I’d never questioned whether my grandmother or her friends really loved Diana, but up until Chaédria made her point, I certainly questioned why so many of them loved a white blonde woman who wasn’t even the princess of our country. It seemed strange and unlikely, and yet, it was everywhere. After my grandmother cried about Princess Diana’s passing, she walked to the phone and called each of her daughters and friends, one by one, to lament. “Damn shame,” she muttered into the phone over and over again.
Even the pastor spoke about Diana’s death in our church service the following Sunday, and I saw more than a few older Black women my grandmother’s age wipe away their tears as he spoke.
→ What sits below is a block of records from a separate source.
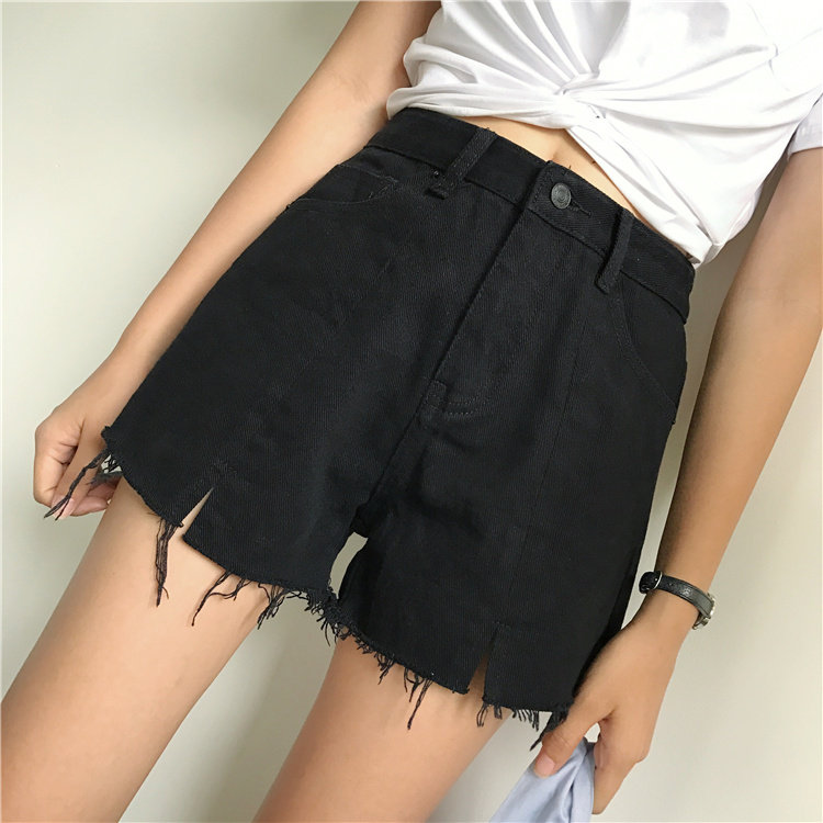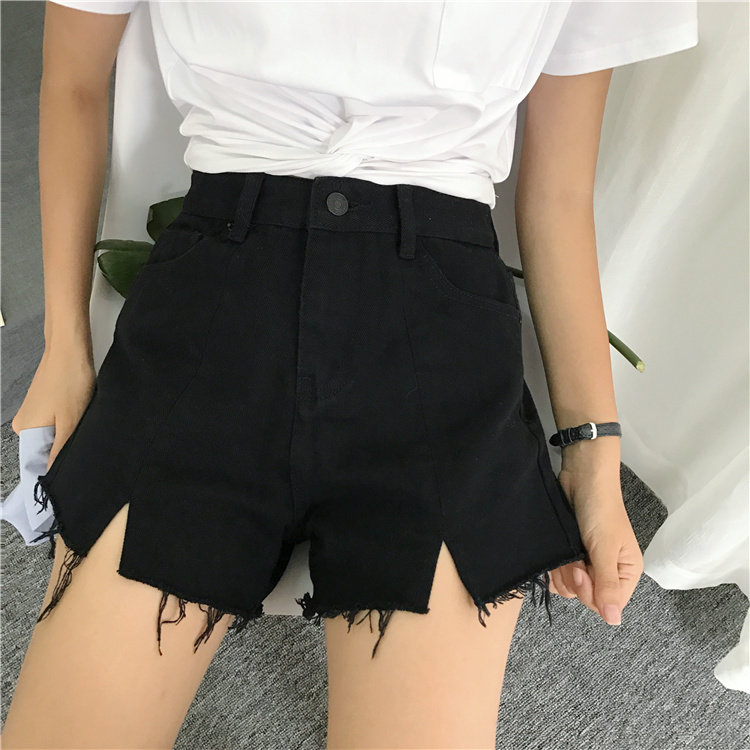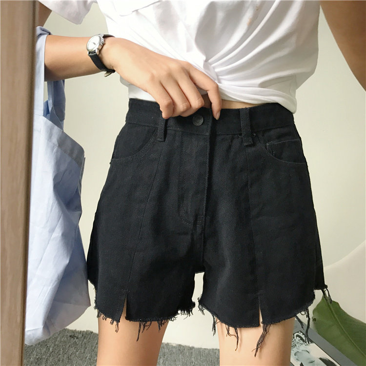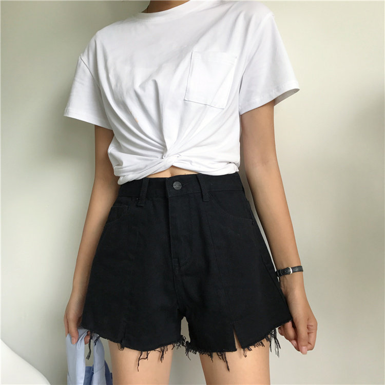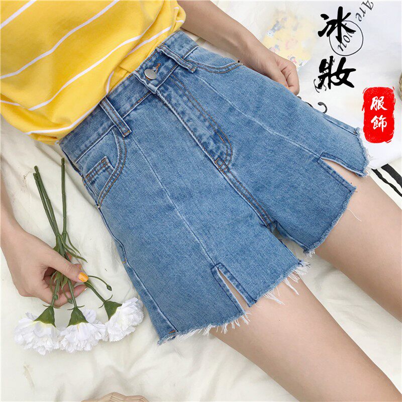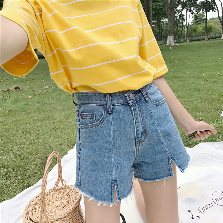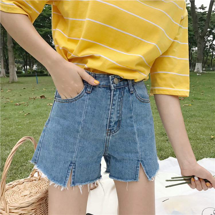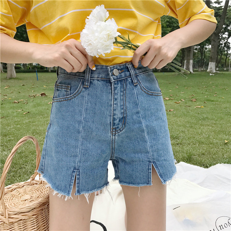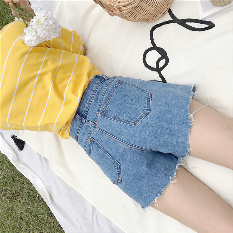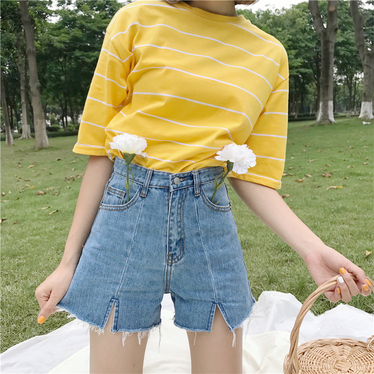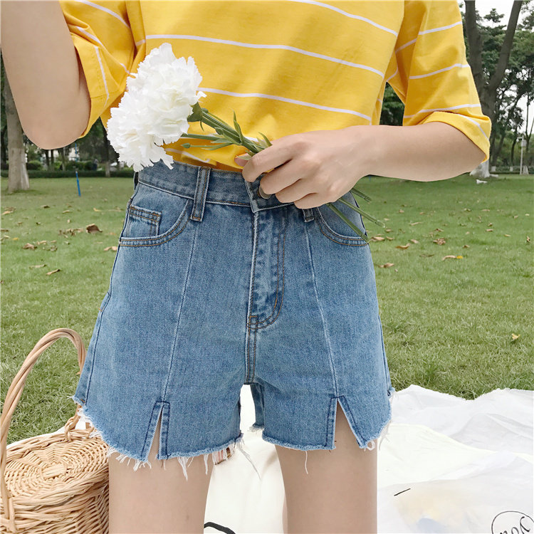Джинсы, шорты, летние штаны, высокая талия, в корейском стиле, свободный крой, А-силуэт
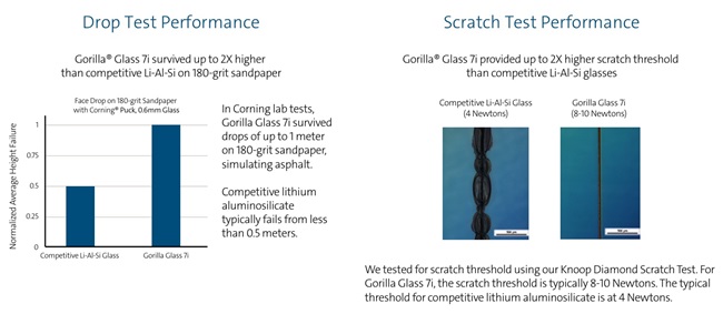 In Corning's laboratory tests, Gorilla Glass 7i demonstrated the ability to withstand drops from heights of up to one meter onto surfaces like asphalt, outperforming other similar glasses which often fail from lower heights. Additionally, Gorilla Glass 7i boasts double the scratch resistance of its competitors.
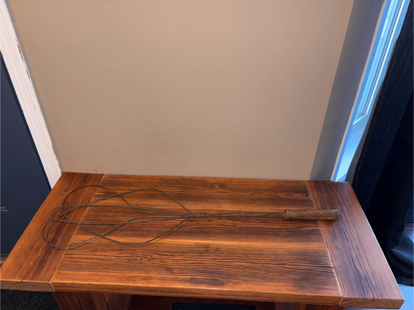 Selling a vintage metal rug beater. It's in good condition and ready to help you keep your rugs clean. Perfect for adding a touch of rustic charm to your cleaning routine
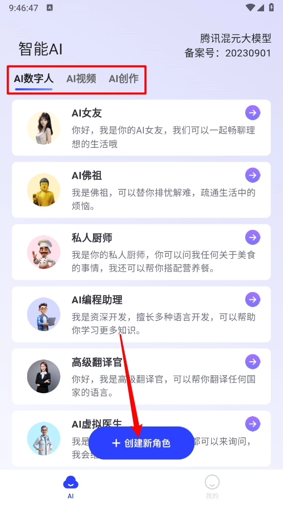 主頁(yè)包含ai數(shù)字人、ai視頻、ai創(chuàng)作等內(nèi)容,點(diǎn)擊“創(chuàng)建新角色”即可。

They’d all cared for her and her boys. They were all terrified that the queen and the prince they knew little about would wipe Diana’s loving influence from her children’s hearts. These women still love Diana and her boys. Princess Diana represented a break from the traditional, the boring, and the purposefully unconscious. She may have been flawed in many ways, certainly in ways we’ll never know, but she was The Princess the people wanted. And at least among the women I knew, The Princess they chose to love.
I still don’t have a definitive reason why the older Black women in and around my life loved Diana so much. I asked my mother and she said, “I think we could see the pain in her spirit, and it spoke to us. Also we all knew what it was like to deal with a man who wasn’t worth a damn.” Coming home on the train not too long ago, I saw an older Black woman reading a special issue of People about Diana. I asked her what made her buy that particular magazine. “She deserved more. She had everything in a way, but not the most important things, and she knew that. They had her up in that castle begging her to pretend everything was okay, in her marriage and the world, but she didn’t,” she said. Then she returned to her magazine, smiling, and turned another page.